- Opening Delimiter -

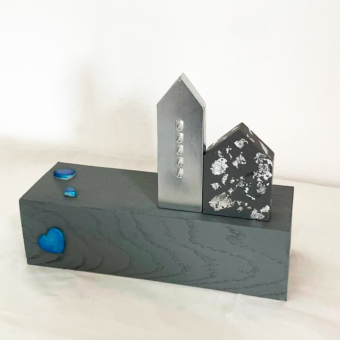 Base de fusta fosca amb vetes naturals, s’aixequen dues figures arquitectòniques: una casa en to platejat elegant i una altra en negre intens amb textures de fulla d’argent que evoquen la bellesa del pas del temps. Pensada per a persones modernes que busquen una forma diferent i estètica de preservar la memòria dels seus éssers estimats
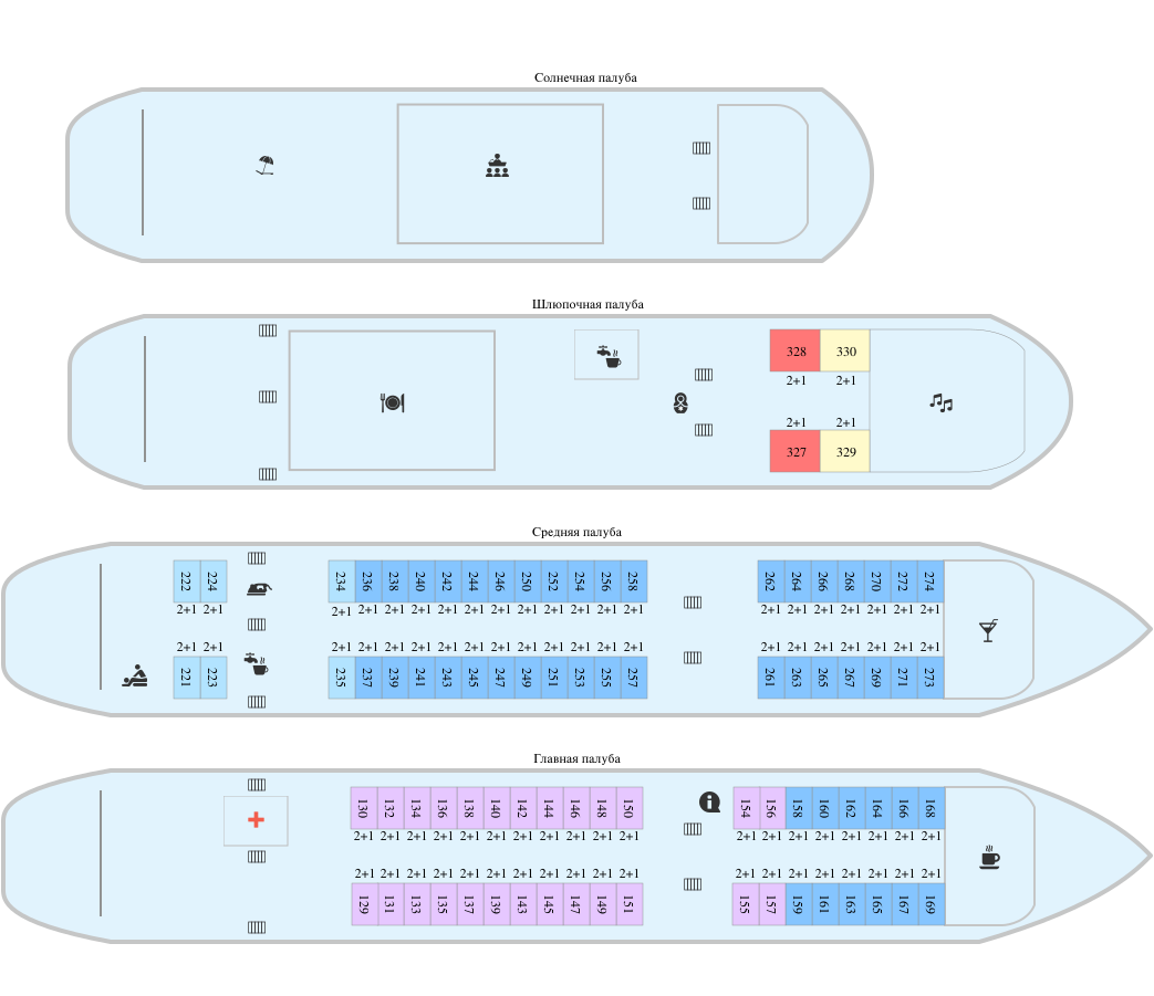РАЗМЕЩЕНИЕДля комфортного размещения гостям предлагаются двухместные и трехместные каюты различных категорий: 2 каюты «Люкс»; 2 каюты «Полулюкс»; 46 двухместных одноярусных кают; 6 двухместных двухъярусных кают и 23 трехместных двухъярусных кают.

- Closing Delimiter -
- Opening Delimiter -

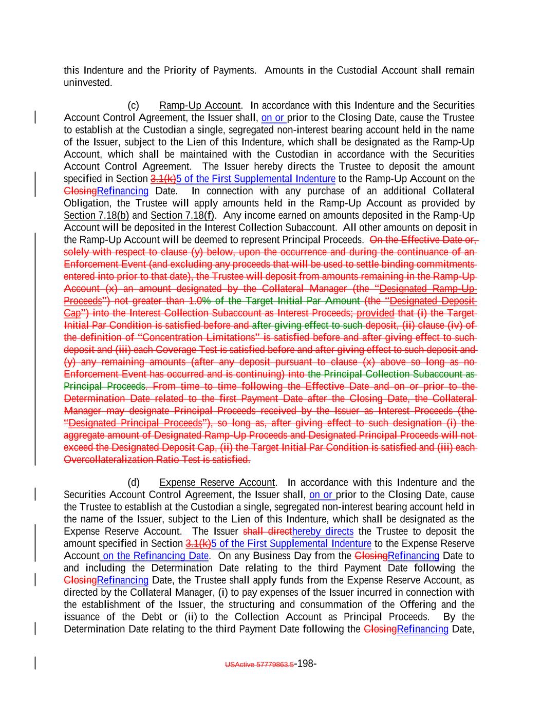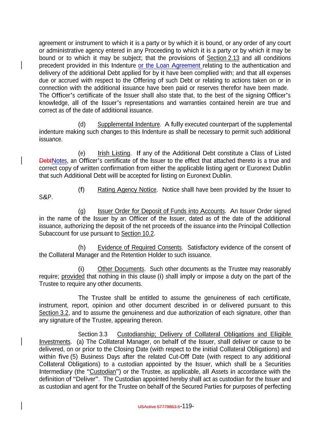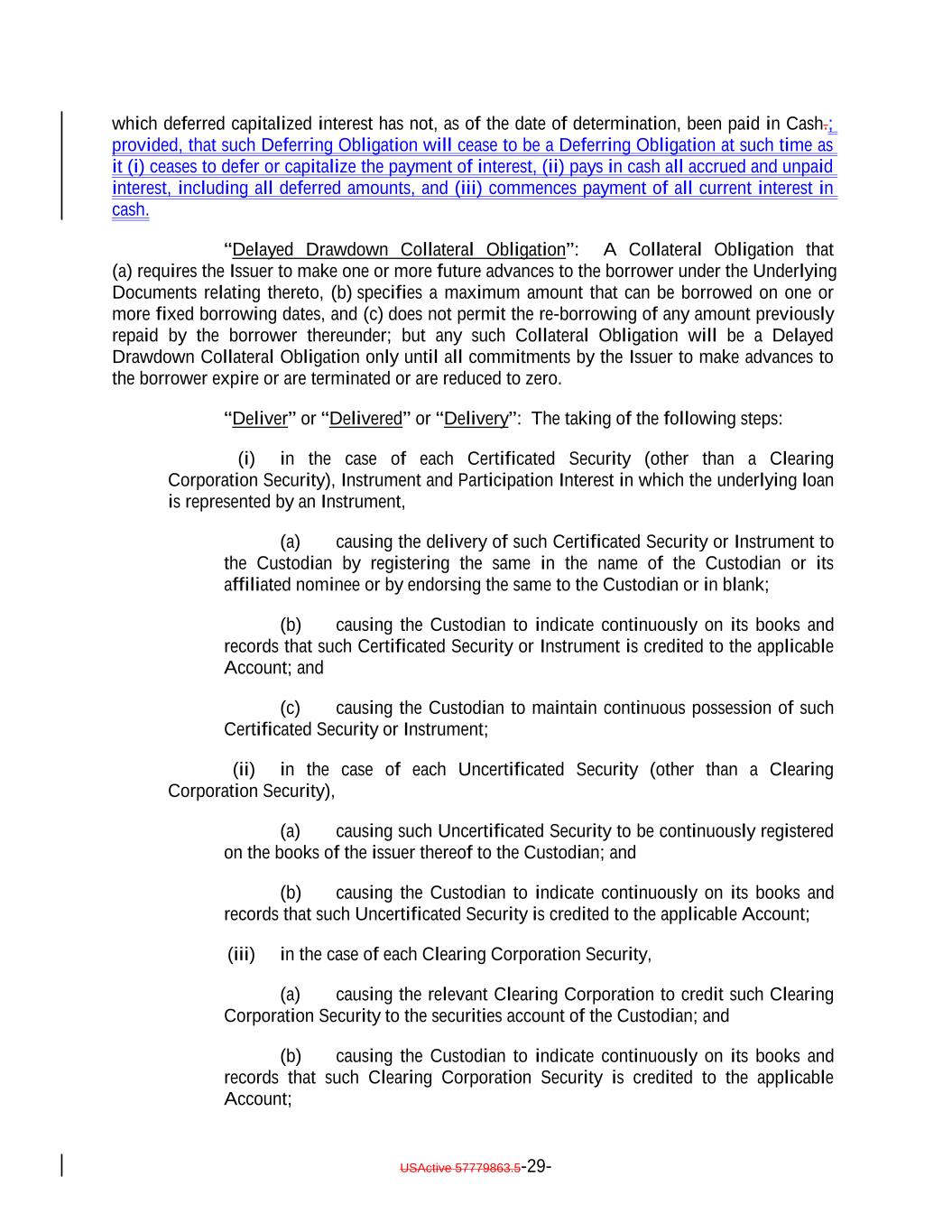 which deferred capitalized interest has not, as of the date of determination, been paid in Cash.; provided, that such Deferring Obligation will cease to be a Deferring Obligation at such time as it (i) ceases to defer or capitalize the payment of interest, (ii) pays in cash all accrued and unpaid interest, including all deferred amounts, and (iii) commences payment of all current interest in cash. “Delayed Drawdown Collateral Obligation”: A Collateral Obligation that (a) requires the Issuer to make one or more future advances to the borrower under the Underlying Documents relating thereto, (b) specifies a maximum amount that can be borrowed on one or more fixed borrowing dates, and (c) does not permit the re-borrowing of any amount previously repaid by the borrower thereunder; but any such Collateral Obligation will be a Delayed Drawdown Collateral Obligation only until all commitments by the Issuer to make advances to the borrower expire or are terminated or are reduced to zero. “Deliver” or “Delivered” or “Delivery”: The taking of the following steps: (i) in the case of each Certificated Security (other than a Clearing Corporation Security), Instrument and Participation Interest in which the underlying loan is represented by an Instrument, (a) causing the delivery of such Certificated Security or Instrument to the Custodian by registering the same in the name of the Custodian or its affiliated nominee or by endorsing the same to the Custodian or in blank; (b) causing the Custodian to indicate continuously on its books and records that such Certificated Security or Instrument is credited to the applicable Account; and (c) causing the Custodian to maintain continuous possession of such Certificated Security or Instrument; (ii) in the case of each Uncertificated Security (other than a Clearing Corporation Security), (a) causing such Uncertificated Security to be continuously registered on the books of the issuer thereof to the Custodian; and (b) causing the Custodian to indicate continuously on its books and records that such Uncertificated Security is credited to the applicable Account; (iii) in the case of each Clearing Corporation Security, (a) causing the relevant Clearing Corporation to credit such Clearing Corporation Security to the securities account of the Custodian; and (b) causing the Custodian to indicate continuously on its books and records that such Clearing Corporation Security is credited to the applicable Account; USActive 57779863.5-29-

- Closing Delimiter -

Return the lines above from the one with "Base de fusta" through the one with "РАЗМЕЩЕНИЕДля комфортного размещения", verbatim and nothing else. Omit every picture.

 Base de fusta fosca amb vetes naturals, s’aixequen dues figures arquitectòniques: una casa en to platejat elegant i una altra en negre intens amb textures de fulla d’argent que evoquen la bellesa del pas del temps. Pensada per a persones modernes que busquen una forma diferent i estètica de preservar la memòria dels seus éssers estimats
РАЗМЕЩЕНИЕДля комфортного размещения гостям предлагаются двухместные и трехместные каюты различных категорий: 2 каюты «Люкс»; 2 каюты «Полулюкс»; 46 двухместных одноярусных кают; 6 двухместных двухъярусных кают и 23 трехместных двухъярусных кают.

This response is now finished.